With sake I got over my irrational fear of seafood. Now I just fear sake.
New scientific discovery: The hypothetical attractiveness of a woman increases exponentially as her skirt:boot ratio approaches zero. Nobel Prize in my future?
I tried really hard to get you laid last night. And by that I mean I asked a bunch of dudes if they were top or bottom.
How long is a courtesy make out supposed to last??
Got a stripper to howl at my wolf shirt.
my hip hurts so fuckin bad. and I just found a half eaten burrito in my nightstand drawer.
just had a very awkward conversation with the concierge at the hotel, they threw your underwear out
And by "schedule" I meant crumbled up liquor store receipt, that I wrote shit on.

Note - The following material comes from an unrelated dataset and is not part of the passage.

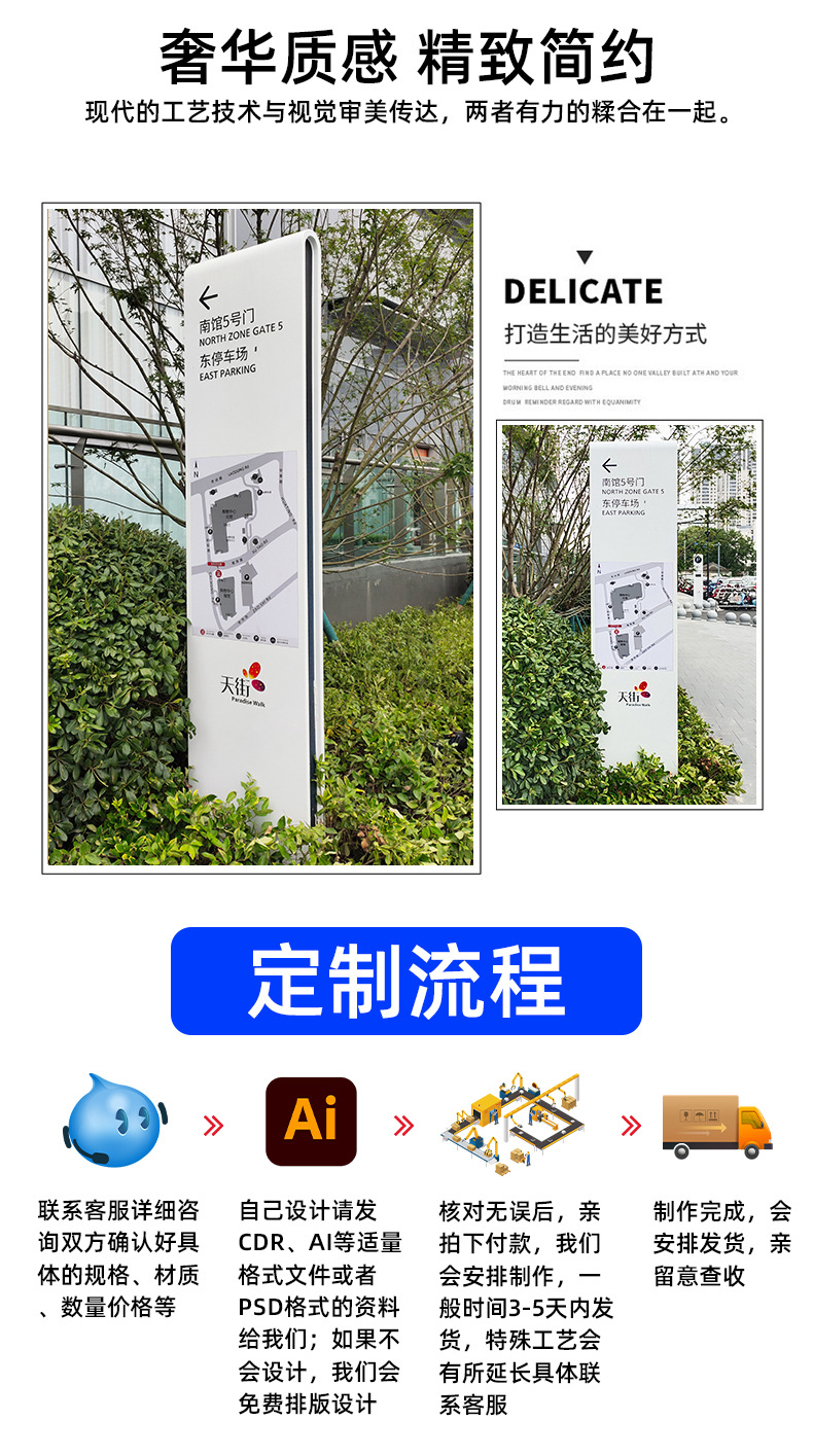 精神堡垒导视牌户外停车场指示牌定制商场立式标识牌不锈钢广告牌

i could've stared at her spine forever man..she was so deep, and she made a drink out of vodka and organic mangoo shit. i will find her and present that goddess with some fucking gummies
you're no longer allowed out of my sight at parties
He had a step stool to get in to his bed!

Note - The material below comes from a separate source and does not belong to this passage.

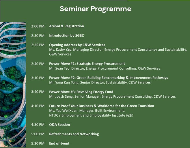 This SGBC Seminar, supported by SGBC Member C&W Services, will present a practical three-part playbook of “Power Moves” to help organisations take control of rising energy costs while advancing both financial and environmental sustainability. The session will cover strategic energy procurement, innovative approaches to green building benchmarking, and sustainable internal financing mechanisms.

Shhhh less advice, more soothing words and dirty phrases
I'm just going to ride dicks all the way to the to the gates of hell
That's crazy. Wow that lady must be fucked up
Yeah I hope she's okay.
I'm still going to fuck her husband but I do hope she's okay.
She's in it for that fear factor ya'll. Obsession and stalking or nothing.
She looked up and said "I like this." I asked "what do you like?" she said "penis."